BEGIN Data excerpts
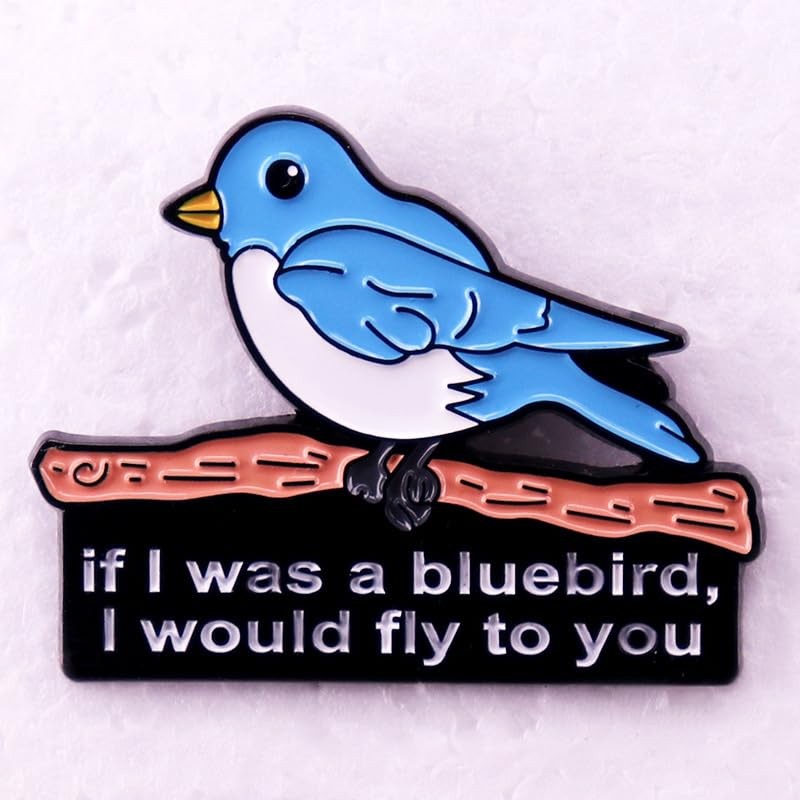if I was a bluebird, I would fly to you enamel lapel pin Poems Badge Brooch For Backpacks
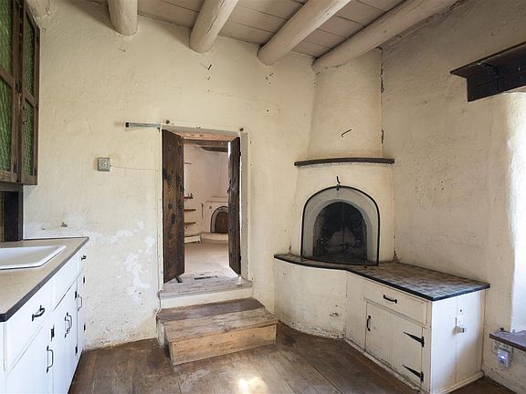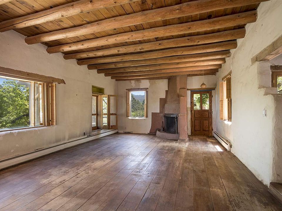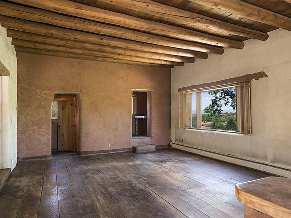 This charming adobe home offers a rare opportunity on Upper Canyon Road. This unique property features a spacious living room with beautiful, natural light, vigas, wood floors., kiva fireplace and mountain vistas. This two bedroom home has 4 kiva fireplaces, vigas in every room including the garage, and the floors are wood and flagstone. The lot is terraced and the gardens are lovely with mature trees, roses and peonies too! The upstairs is 1263 square feet, the downstairs is 624 square feet and the detached garage is 442 square feet. There is also a single car carport. Ideas are endless on the many options to update this wonderful home in a fabulous location!
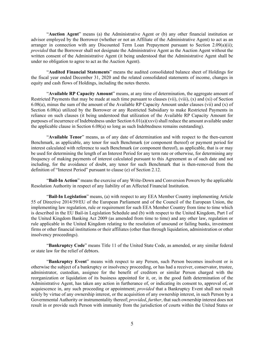 5 “Auction Agent” means (a) the Administrative Agent or (b) any other financial institution or advisor employed by the Borrower (whether or not an Affiliate of the Administrative Agent) to act as an arranger in connection with any Discounted Term Loan Prepayment pursuant to Section 2.09(a)(ii); provided that the Borrower shall not designate the Administrative Agent as the Auction Agent without the written consent of the Administrative Agent (it being understood that the Administrative Agent shall be under no obligation to agree to act as the Auction Agent). “Audited Financial Statements” means the audited consolidated balance sheet of Holdings for the fiscal year ended December 31, 2020 and the related consolidated statements of income, changes in equity and cash flows of Holdings, including the notes thereto. “Available RP Capacity Amount” means, at any time of determination, the aggregate amount of Restricted Payments that may be made at such time pursuant to clauses (vii), (viii), (x) and (xi) of Section 6.08(a), minus the sum of the amount of the Available RP Capacity Amount under clauses (vii) and (x) of Section 6.08(a) utilized by the Borrower or any Restricted Subsidiary to make Restricted Payments in reliance on such clauses (it being understood that utilization of the Available RP Capacity Amount for purposes of incurrence of Indebtedness under Section 6.01(a)(xxvi) shall reduce the amount available under the applicable clause in Section 6.08(a) so long as such Indebtedness remains outstanding). “Available Tenor” means, as of any date of determination and with respect to the then-current Benchmark, as applicable, any tenor for such Benchmark (or component thereof) or payment period for interest calculated with reference to such Benchmark (or component thereof), as applicable, that is or may be used for determining the length of an Interest Period for any term rate or otherwise, for determining any frequency of making payments of interest calculated pursuant to this Agreement as of such date and not including, for the avoidance of doubt, any tenor for such Benchmark that is then-removed from the definition of “Interest Period” pursuant to clause (e) of Section 2.12. “Bail-In Action” means the exercise of any Write-Down and Conversion Powers by the applicable Resolution Authority in respect of any liability of an Affected Financial Institution. “Bail-In Legislation” means, (a) with respect to any EEA Member Country implementing Article 55 of Directive 2014/59/EU of the European Parliament and of the Council of the European Union, the implementing law regulation, rule or requirement for such EEA Member Country from time to time which is described in the EU Bail-in Legislation Schedule and (b) with respect to the United Kingdom, Part I of the United Kingdom Banking Act 2009 (as amended from time to time) and any other law, regulation or rule applicable in the United Kingdom relating to the resolution of unsound or failing banks, investment firms or other financial institutions or their affiliates (other than through liquidation, administration or other insolvency proceedings). “Bankruptcy Code” means Title 11 of the United State Code, as amended, or any similar federal or state law for the relief of debtors. “Bankruptcy Event” means with respect to any Person, such Person becomes insolvent or is otherwise the subject of a bankruptcy or insolvency proceeding, or has had a receiver, conservator, trustee, administrator, custodian, assignee for the benefit of creditors or similar Person charged with the reorganization or liquidation of its business appointed for it, or, in the good faith determination of the Administrative Agent, has taken any action in furtherance of, or indicating its consent to, approval of, or acquiescence in, any such proceeding or appointment; provided that a Bankruptcy Event shall not result solely by virtue of any ownership interest, or the acquisition of any ownership interest, in such Person by a Governmental Authority or instrumentality thereof; provided, further, that such ownership interest does not result in or provide such Person with immunity from the jurisdiction of courts within the United States or
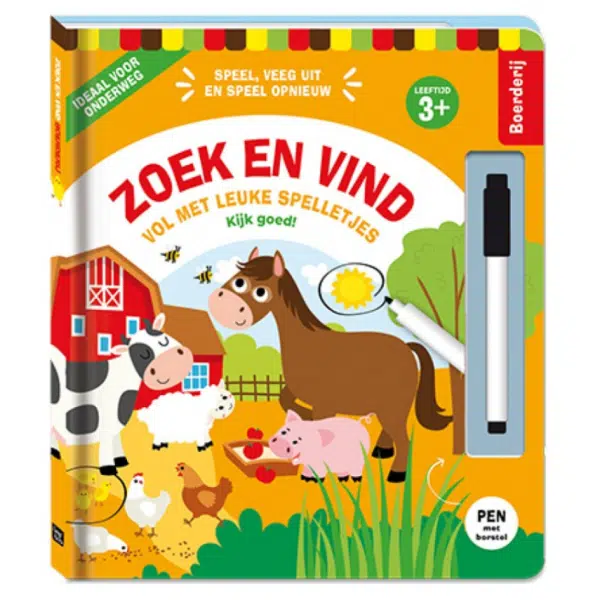Je hoeft je geen moment te vervelen met dit superleuke zoekboek! Zoek verborgen figuren en twee dezelfde plaatjes, volg de kronkelpaadjes, los puzzels op en nog veel meer! Op de laatste pagina staan de antwoorden. Wil je het nog een keer proberen? Veeg dan al je antwoorden uit en begin gewoon opnieuw.
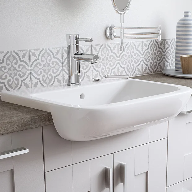 This washbasin is to be semi recessed into a counter top and is available in a choice of 1 or 2 tap holes.
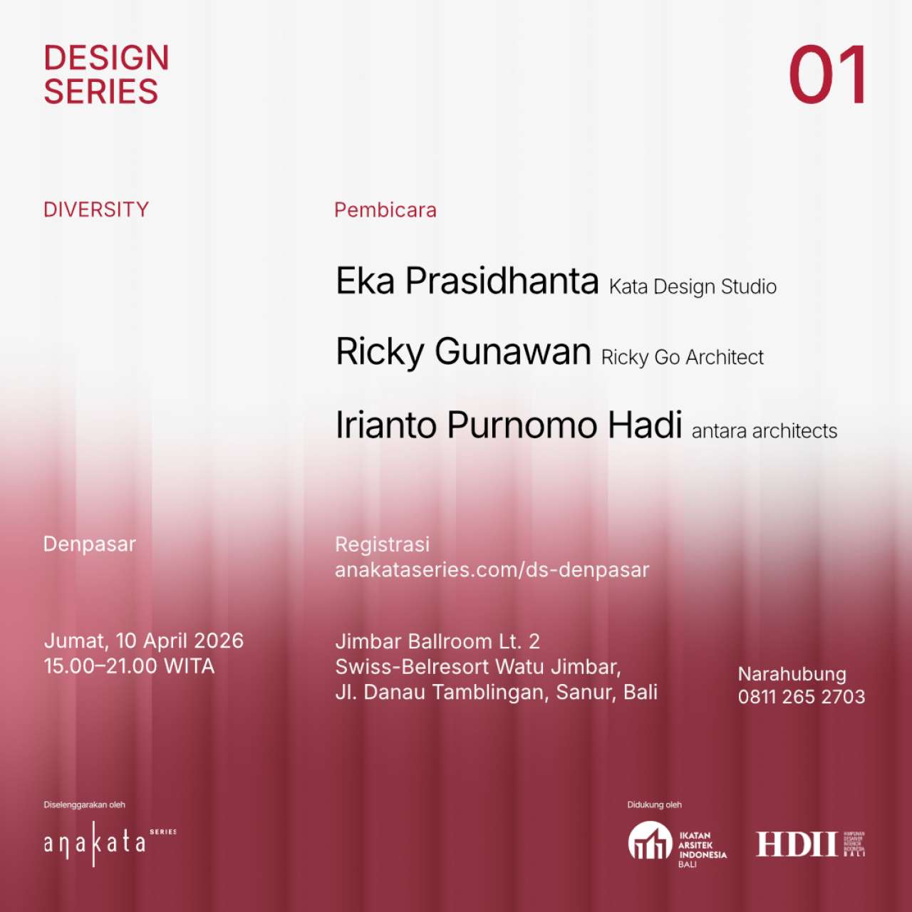 Nama Kegiatan : Design Series Denpasar Tanggal : Jumat, 10 April 2026 Waktu : 15.00 – 21.00 WITA Tempat : Sanur Resort Watujimbar Jl. Danau Tamblingan No.99A, Sanur, Denpasar Selatan
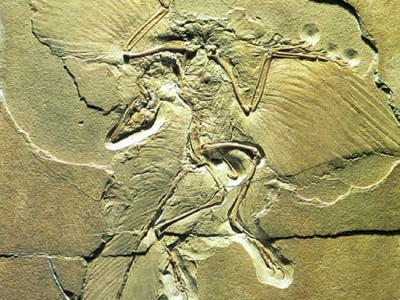 始祖鸟化石(蜘蛛网配图) 对被认为仅仅含有一只有翼恐龙的羽毛痕迹的化石的重新...
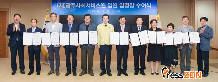 À̿뼷 ±¤ÁÖ±¤¿ª½ÃÀåÀÌ À̳¯ ¿ÀÀü ½Ãû 3Ãþ ºñÁî´Ï½º·ë¿¡¼ ±¤ÁÖ»çȸ¼ºñ½º¿ø Á¶È£±Ç ¿øÀåÀ» ºñ·Ô ÀÌ»ç 11¸í°ú °¨»ç 2¸í µî ÃÊ´ë ÀÓ¿ø¿¡ ´ëÇÑ ÀÓ¸íÀåÀ» ¼ö¿©ÇÑ ÈÄ ±â³äÃÔ¿µÀ» Çϰí ÀÖ´Ù. /±¤ÁÖ±¤¿ª½Ã Á¦°ø
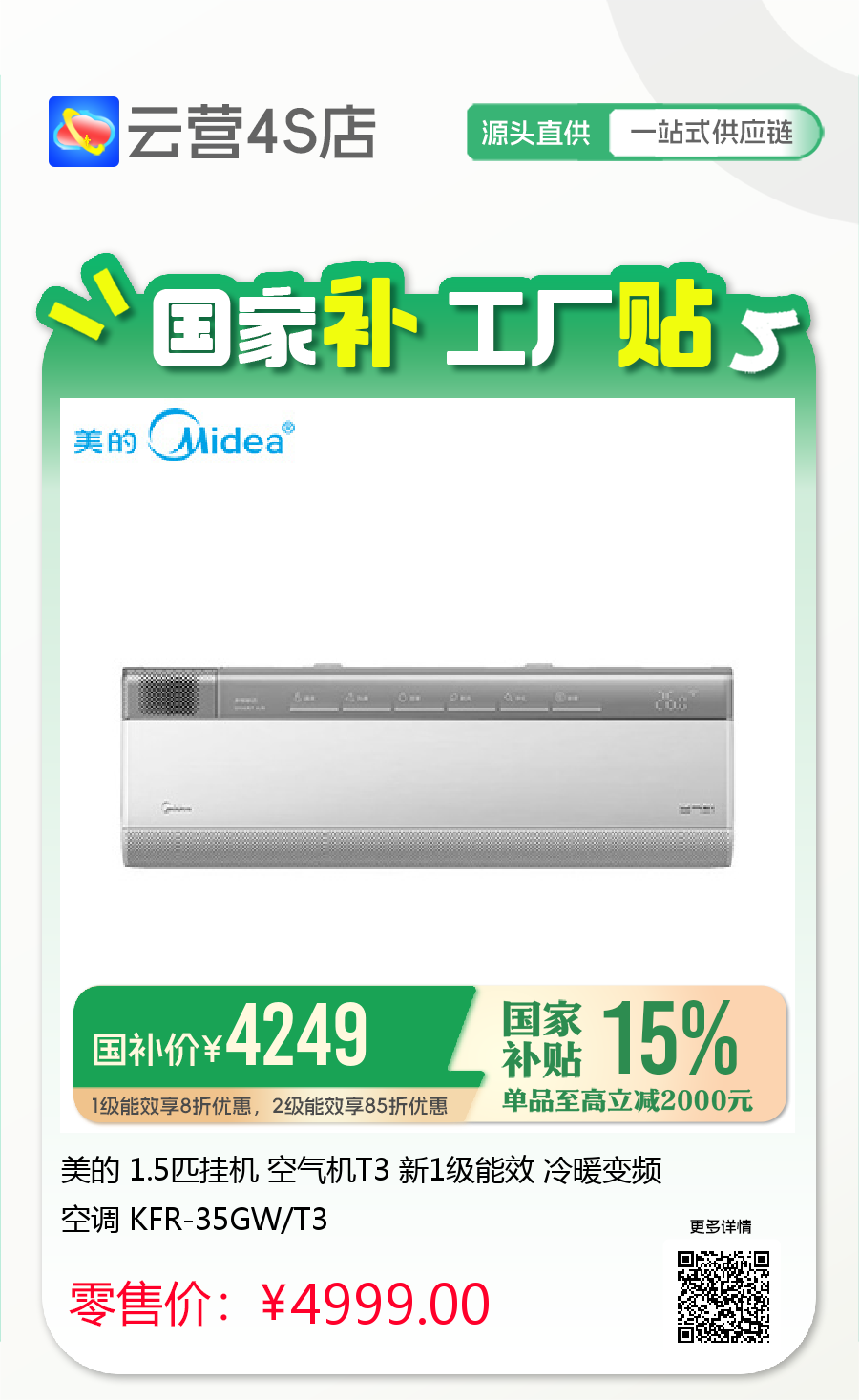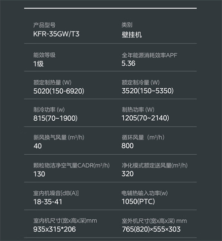 美的 1.5匹挂机 空气机T3 新1级能效 冷暖变频空调 KFR-35GW/T3
END Data excerpts
• **What is expected**: Word for word, retype all of the data above, but include no pictures.

• **Solution for this task**:
if I was a bluebird, I would fly to you enamel lapel pin Poems Badge Brooch For Backpacks
 This charming adobe home offers a rare opportunity on Upper Canyon Road. This unique property features a spacious living room with beautiful, natural light, vigas, wood floors., kiva fireplace and mountain vistas. This two bedroom home has 4 kiva fireplaces, vigas in every room including the garage, and the floors are wood and flagstone. The lot is terraced and the gardens are lovely with mature trees, roses and peonies too! The upstairs is 1263 square feet, the downstairs is 624 square feet and the detached garage is 442 square feet. There is also a single car carport. Ideas are endless on the many options to update this wonderful home in a fabulous location!
 5 “Auction Agent” means (a) the Administrative Agent or (b) any other financial institution or advisor employed by the Borrower (whether or not an Affiliate of the Administrative Agent) to act as an arranger in connection with any Discounted Term Loan Prepayment pursuant to Section 2.09(a)(ii); provided that the Borrower shall not designate the Administrative Agent as the Auction Agent without the written consent of the Administrative Agent (it being understood that the Administrative Agent shall be under no obligation to agree to act as the Auction Agent). “Audited Financial Statements” means the audited consolidated balance sheet of Holdings for the fiscal year ended December 31, 2020 and the related consolidated statements of income, changes in equity and cash flows of Holdings, including the notes thereto. “Available RP Capacity Amount” means, at any time of determination, the aggregate amount of Restricted Payments that may be made at such time pursuant to clauses (vii), (viii), (x) and (xi) of Section 6.08(a), minus the sum of the amount of the Available RP Capacity Amount under clauses (vii) and (x) of Section 6.08(a) utilized by the Borrower or any Restricted Subsidiary to make Restricted Payments in reliance on such clauses (it being understood that utilization of the Available RP Capacity Amount for purposes of incurrence of Indebtedness under Section 6.01(a)(xxvi) shall reduce the amount available under the applicable clause in Section 6.08(a) so long as such Indebtedness remains outstanding). “Available Tenor” means, as of any date of determination and with respect to the then-current Benchmark, as applicable, any tenor for such Benchmark (or component thereof) or payment period for interest calculated with reference to such Benchmark (or component thereof), as applicable, that is or may be used for determining the length of an Interest Period for any term rate or otherwise, for determining any frequency of making payments of interest calculated pursuant to this Agreement as of such date and not including, for the avoidance of doubt, any tenor for such Benchmark that is then-removed from the definition of “Interest Period” pursuant to clause (e) of Section 2.12. “Bail-In Action” means the exercise of any Write-Down and Conversion Powers by the applicable Resolution Authority in respect of any liability of an Affected Financial Institution. “Bail-In Legislation” means, (a) with respect to any EEA Member Country implementing Article 55 of Directive 2014/59/EU of the European Parliament and of the Council of the European Union, the implementing law regulation, rule or requirement for such EEA Member Country from time to time which is described in the EU Bail-in Legislation Schedule and (b) with respect to the United Kingdom, Part I of the United Kingdom Banking Act 2009 (as amended from time to time) and any other law, regulation or rule applicable in the United Kingdom relating to the resolution of unsound or failing banks, investment firms or other financial institutions or their affiliates (other than through liquidation, administration or other insolvency proceedings). “Bankruptcy Code” means Title 11 of the United State Code, as amended, or any similar federal or state law for the relief of debtors. “Bankruptcy Event” means with respect to any Person, such Person becomes insolvent or is otherwise the subject of a bankruptcy or insolvency proceeding, or has had a receiver, conservator, trustee, administrator, custodian, assignee for the benefit of creditors or similar Person charged with the reorganization or liquidation of its business appointed for it, or, in the good faith determination of the Administrative Agent, has taken any action in furtherance of, or indicating its consent to, approval of, or acquiescence in, any such proceeding or appointment; provided that a Bankruptcy Event shall not result solely by virtue of any ownership interest, or the acquisition of any ownership interest, in such Person by a Governmental Authority or instrumentality thereof; provided, further, that such ownership interest does not result in or provide such Person with immunity from the jurisdiction of courts within the United States or
Je hoeft je geen moment te vervelen met dit superleuke zoekboek! Zoek verborgen figuren en twee dezelfde plaatjes, volg de kronkelpaadjes, los puzzels op en nog veel meer! Op de laatste pagina staan de antwoorden. Wil je het nog een keer proberen? Veeg dan al je antwoorden uit en begin gewoon opnieuw.
 This washbasin is to be semi recessed into a counter top and is available in a choice of 1 or 2 tap holes.
 Nama Kegiatan : Design Series Denpasar Tanggal : Jumat, 10 April 2026 Waktu : 15.00 – 21.00 WITA Tempat : Sanur Resort Watujimbar Jl. Danau Tamblingan No.99A, Sanur, Denpasar Selatan
 始祖鸟化石(蜘蛛网配图) 对被认为仅仅含有一只有翼恐龙的羽毛痕迹的化石的重新...
 À̿뼷 ±¤ÁÖ±¤¿ª½ÃÀåÀÌ À̳¯ ¿ÀÀü ½Ãû 3Ãþ ºñÁî´Ï½º·ë¿¡¼ ±¤ÁÖ»çȸ¼ºñ½º¿ø Á¶È£±Ç ¿øÀåÀ» ºñ·Ô ÀÌ»ç 11¸í°ú °¨»ç 2¸í µî ÃÊ´ë ÀÓ¿ø¿¡ ´ëÇÑ ÀÓ¸íÀåÀ» ¼ö¿©ÇÑ ÈÄ ±â³äÃÔ¿µÀ» Çϰí ÀÖ´Ù. /±¤ÁÖ±¤¿ª½Ã Á¦°ø
 美的 1.5匹挂机 空气机T3 新1级能效 冷暖变频空调 KFR-35GW/T3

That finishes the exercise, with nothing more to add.